With the pictures omitted, write out all of the listing exactly.

▶ **DATASET CONTENT**:
________________________
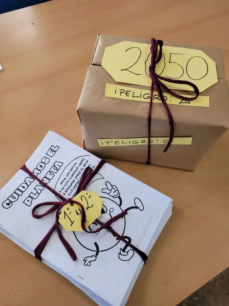 Todo va empezar cuando recibimos una caja del año 2050. Dentro había una carta enviada por una persona del futuro, que nos pedía ayuda para cuidar el agua y proteger el planeta.
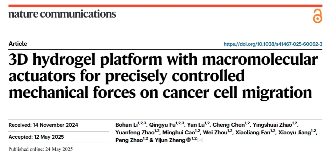 基于大分子致动器的3D水凝胶平台对癌细胞迁移的精准机械力调控
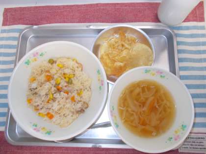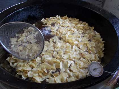 野菜チップスは、ジャガイモとごぼうをスライスして、素揚げしました。子どもたちからの人気のメニューの一つです。
________________________
▶ **WRITTEN REPLY**:
 Todo va empezar cuando recibimos una caja del año 2050. Dentro había una carta enviada por una persona del futuro, que nos pedía ayuda para cuidar el agua y proteger el planeta.
 基于大分子致动器的3D水凝胶平台对癌细胞迁移的精准机械力调控
 野菜チップスは、ジャガイモとごぼうをスライスして、素揚げしました。子どもたちからの人気のメニューの一つです。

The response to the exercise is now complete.